An intelligent script, charismatic performances, and sharp creative filmmaking, guided by Olivia Wilde’s thoughtful direction, make The Invite a hysterical and subtly heartfelt gem.

Rating: 4 out of 5.

Olivia Wilde’s uproarious The Invite opens with an Oscar Wilde quote: “One should always be in love; that is the reason one should never marry”. Its premise powerfully reflects the satirical edge of those words in a setup that mirrors Who’s Afraid of Virginia Woolf? In using the quote’s cynical sentiment as the film’s foundation, and then continually challenging it, Wilde has crafted one of 2026’s finest comedies. It’s a picture as quick-witted, and ultimately heartfelt, as it is deliberately uncomfortable.

Taking place over a single evening, Joe and Angela (Seth Rogen and Olivia Wilde, respectively) are a married couple living in a renovated New York flat. Their relationship is defined by constant arguing; their first lines of dialogue are a heated exchange about Joe’s bicycle upon his return home. Whatever love the two once had has been slowly smothered by the routine of marriage, the camera lingering on their grumpy expressions and passive-aggressive dynamic.

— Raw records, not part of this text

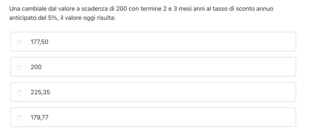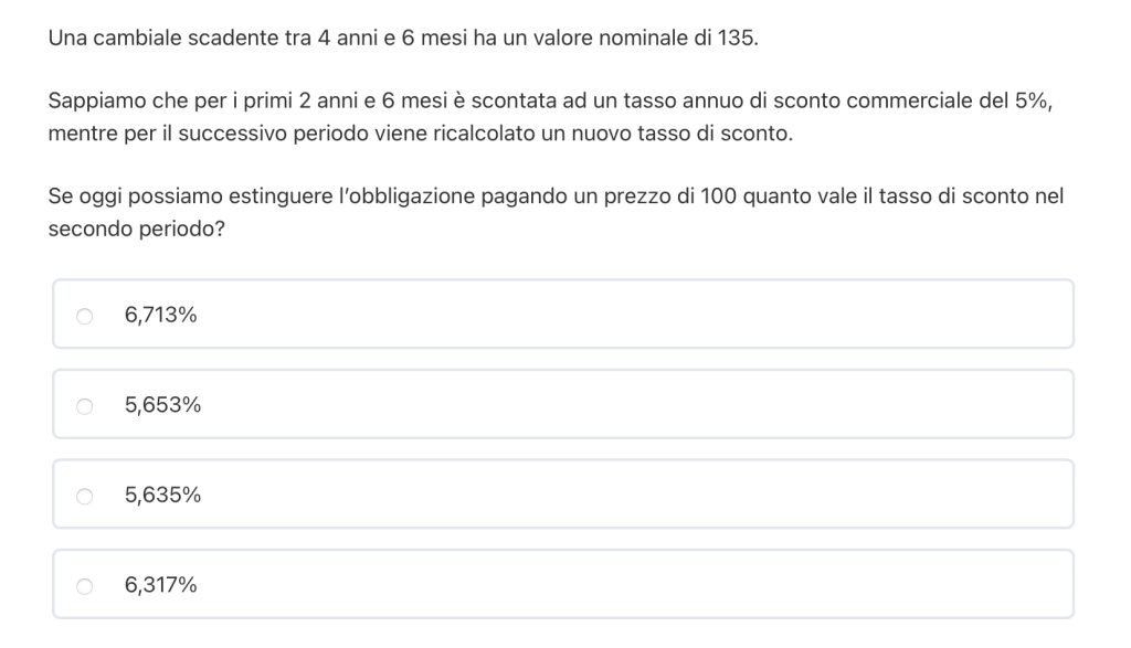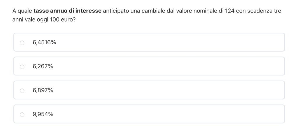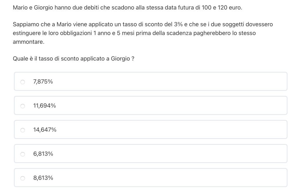 Stiamo attenti che il testo ci fornisce il tasso di interesse e non quello di sconto.
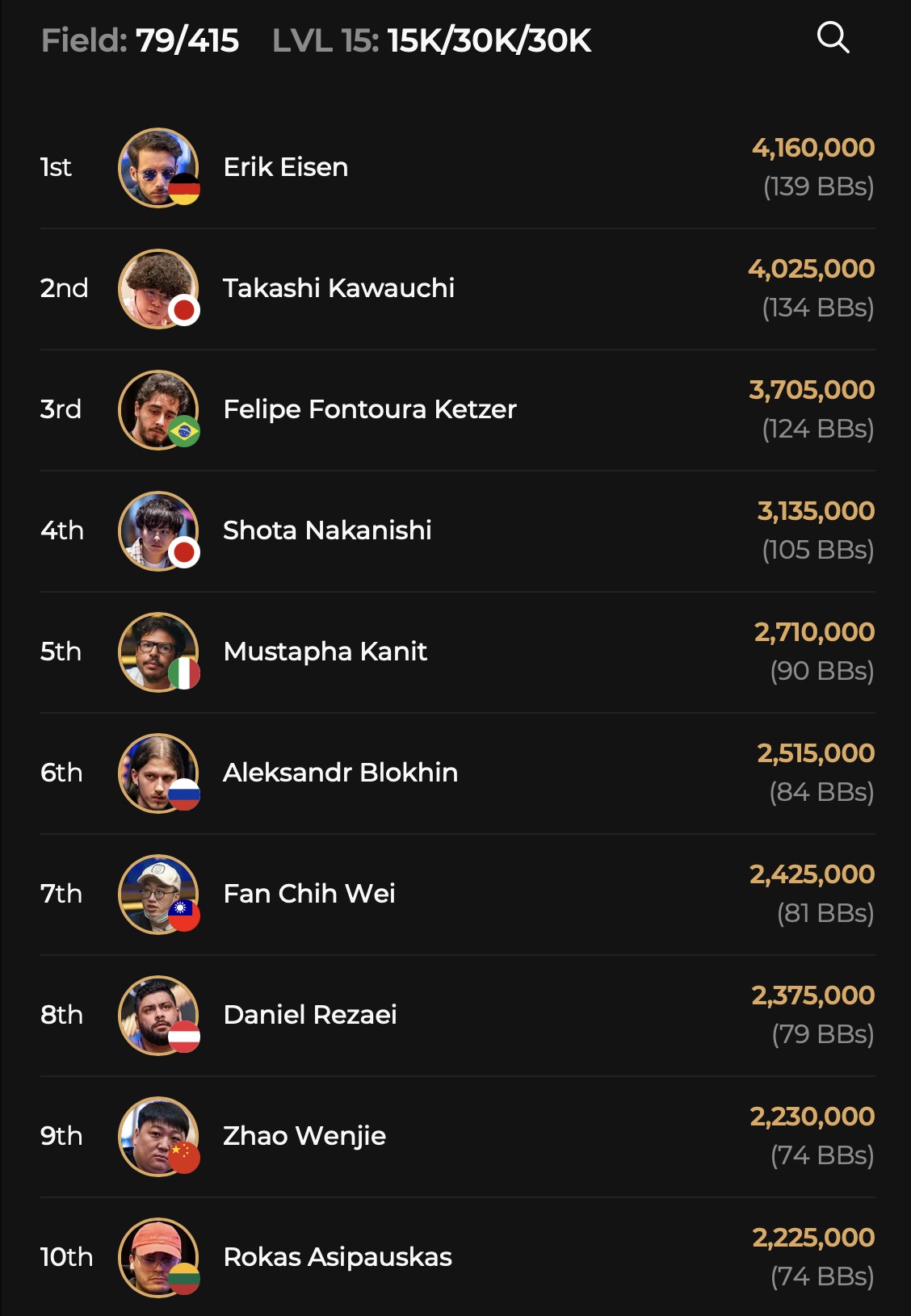 Den Lauf mitgenommen hat ganz Augenscheinlich auch Erik Eisen. Der Deutsche zeigt, dass er nicht nur gut mit Bounty-Umschlägen, sondern nicht weniger gut auch mit Chips und Karten umgehen kann. Von den 415 Entrys war Eisen in Flight 1B niemand gewachsen. Unter den 79 Überlebenden konnte er mit 139 BBs den größten Stack eintüten. Neben dem Tag-1B-Chipleader kamen 6 weitere Tag-2-Qualifikanten aus deutschsprachigen Ländern: Daniel Rezaei (AUT, 79 BBs), Sebastian Gaehl (GER, 58 BBs), Konstantin Held (GER, 24 BBs), Joshua Gebissa (GER, 23 BBs), Manuel Fritz (AUT, 23 BBs) und Klemens Roiter (AUT, 14 BBs) werden wir auf jeden Fall an Tag 2 wiedersehen.
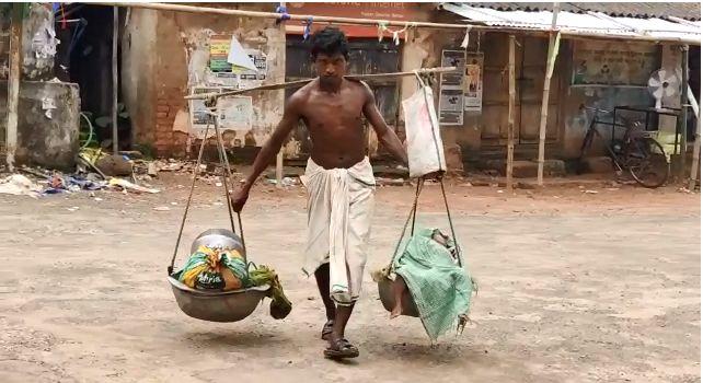 ବାରିପଦା: ବାପା ସାଜିଲା ଶ୍ରବଣ କୁମାର । ନିଜ ଛୁଆକୁ ଭାରାରେ ବୋହି ଚାଲିଲେ ୨୫୦ କିଲୋମିଟର । ମୟୁରଭଂଜ ଜିଲ୍ଲା ବାରିପଦାରେ ଦେଖିବାକୁ ମିଳିଛି କରୋନାର ଏଭଳି କରୁଣ ଦୃଶ୍ୟ ।
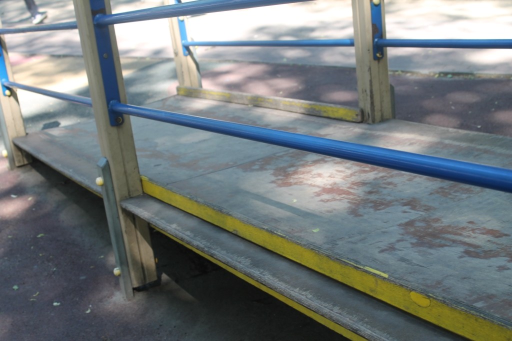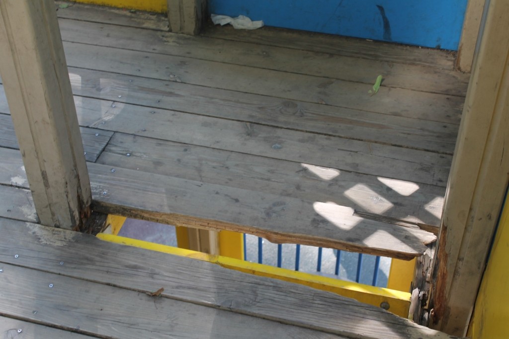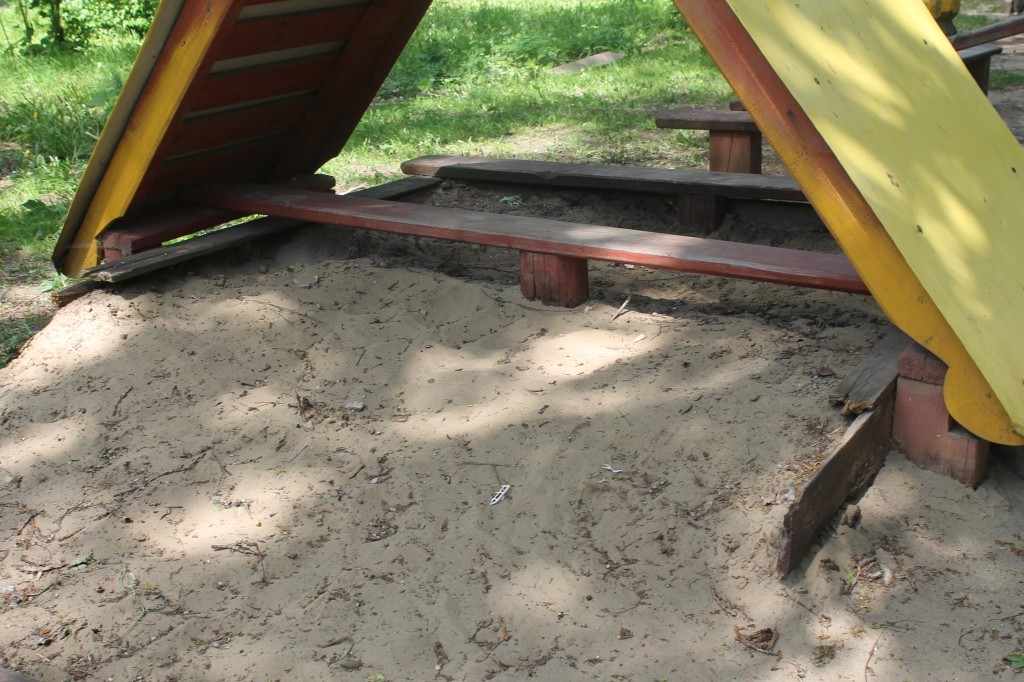 В этом году общественники из ОНФ проверили 20 площадок на соответствие ГОСТам. В большинстве есть недочеты, а есть представляющие реальную опасность для детей. В качестве примера «фронтовики» привели детскую площадку у Дворца культуры молодежи. Она закреплена за МУП «Благоустройство». Как и во время рейда два года назад, на одной из конструкций оказалась провалена доска, только на этот раз в другом месте. Отсутствуют бортики, ограждающие горку, и на детской площадке много мусора.
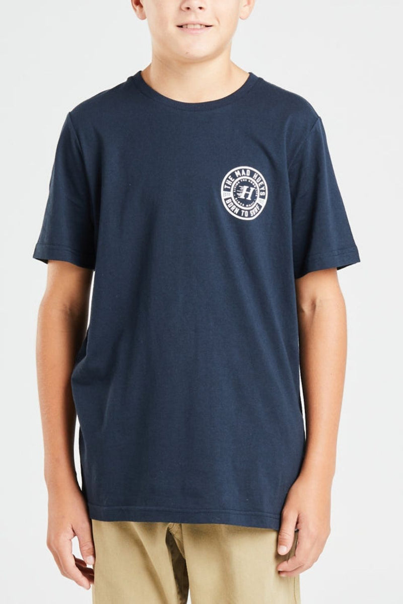 The Born to Surf Youth SS Tee from Mad Hueys is perfect for your Mad Huey-aholic.

Angela has invited the upstairs neighbours – a zen, cheerful couple named Pina and Hawk (Penélope Cruz and Edward Norton, respectively) – down to dinner, having spent all day prepping food. This is to Joe’s chagrin, who is disturbed by the loud lovemaking Pina and Hawk partake in on a seemingly nightly basis. When Pina and Hawk arrive, the differences between the two couples couldn’t be any more stark. As unspoken tensions and awkward attempts at conversation arise, various revelations about each person come to light – many as funny as they are blistering.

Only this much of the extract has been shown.